The Bank of England is unlikely to tamper with its monetary policy settings on Thursday, but growing signs Britain has pulled out of recession mean it is expected to halt its quantitative easing programme next month.
The Bank's Monetary Policy Committee is expected to vote unanimously at 1200 GMT to leave interest rates at 0.5 per cent and to keep its target for asset purchases - the bulk of which have been gilts - at £200bn.
The BoE is on track to complete the last of these gilt purchases just before its February meeting, by which time it will also have fourth-quarter GDP data and new growth and inflation forecasts to hand.
Recent economic newsflow has been encouraging.

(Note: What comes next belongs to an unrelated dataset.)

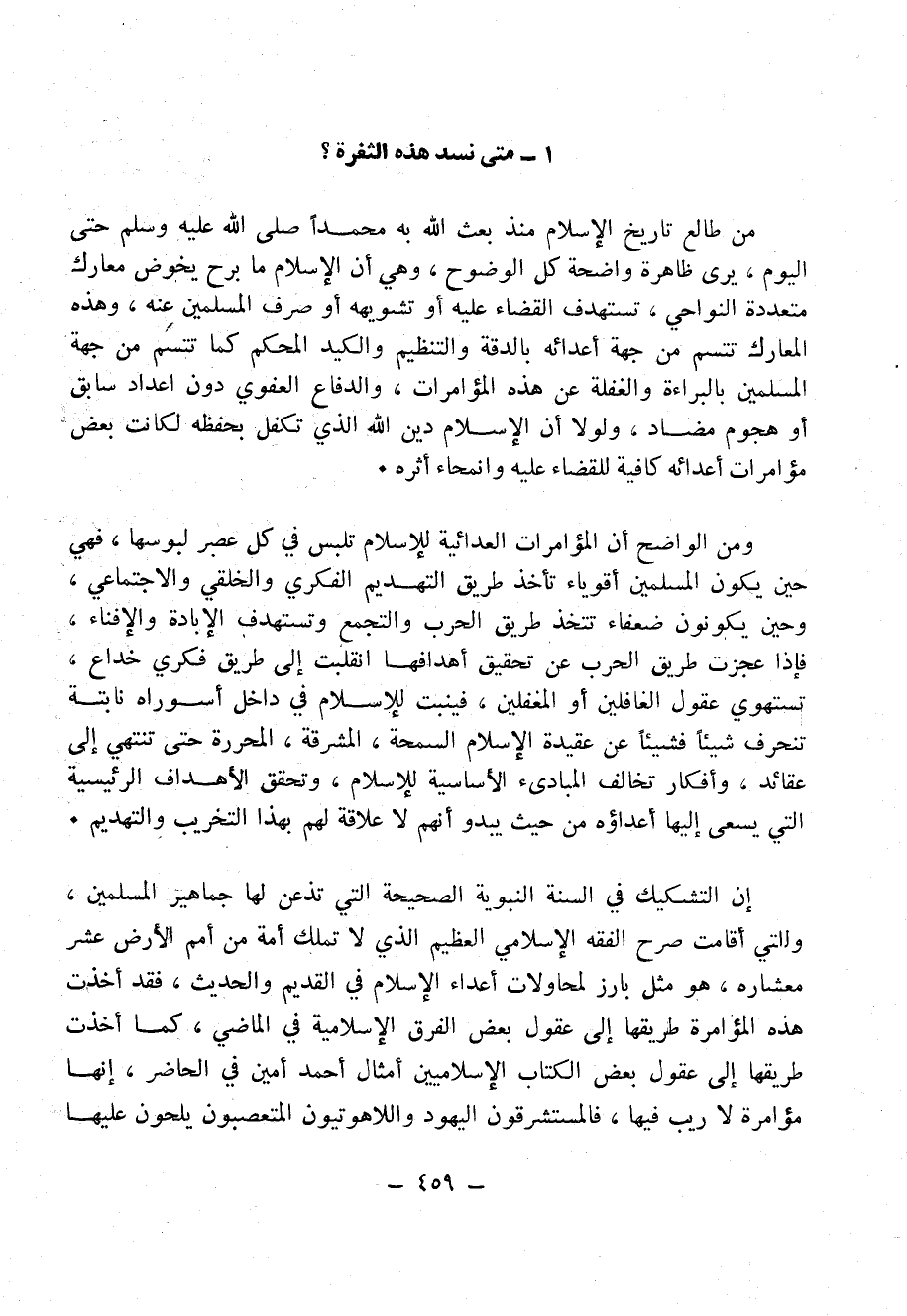 1 - مَتَى نَسُدُّ هَذِهِ الثَّغْرَةَ؟:

Halifax reported British house prices rose one percent in December, bringing their recovery since April to more than nine percent. And the Society of Motor Manufacturers said new car sales rose an annual 38.9 per cent last month, their sixth consecutive monthly rise.
But analysts said the BoE would wait for another month before making any big policy decisions.
"The Monetary Policy Committee is likely to wait for February's inflation report before reviewing its asset purchase programme," said Vicky Redwood at Capital Economics.
Since it exhausted its conventional monetary firepower in March, the MPC has only ever tweaked policy in months that coincide with its quarterly growth and inflation projections February, May, August and November.
Britain has lagged its international peers in coming out of recession, but preliminary GDP figures later this month are expected to show it returned to growth in the final quarter of 2009.
The extent to which the economy will maintain traction over the coming year is the key question.
Surveys suggest both the manufacturing and services sectors are growing at their fastest pace in two years, and Bank of England figures show money supply growth and bank lending both picked up at the end of last year.
But consumer confidence fell in December and analysts warn that headwinds to recovery remain, not least a record government deficit which will require deep cuts to public spending in the coming years.
Such a backdrop has convinced most economists that British interest rates will not rise until the second half of this year at the earliest.
"It's one thing to bring an end to quantitative easing, another to start raising rates," said David Owen, chief European financial economist at Jefferies. "What remains to be seen is how much of the recovery has been led by an upturn in the inventory cycle. Our view is that the BoE will hold rates at 0.5 percent for the whole of the year."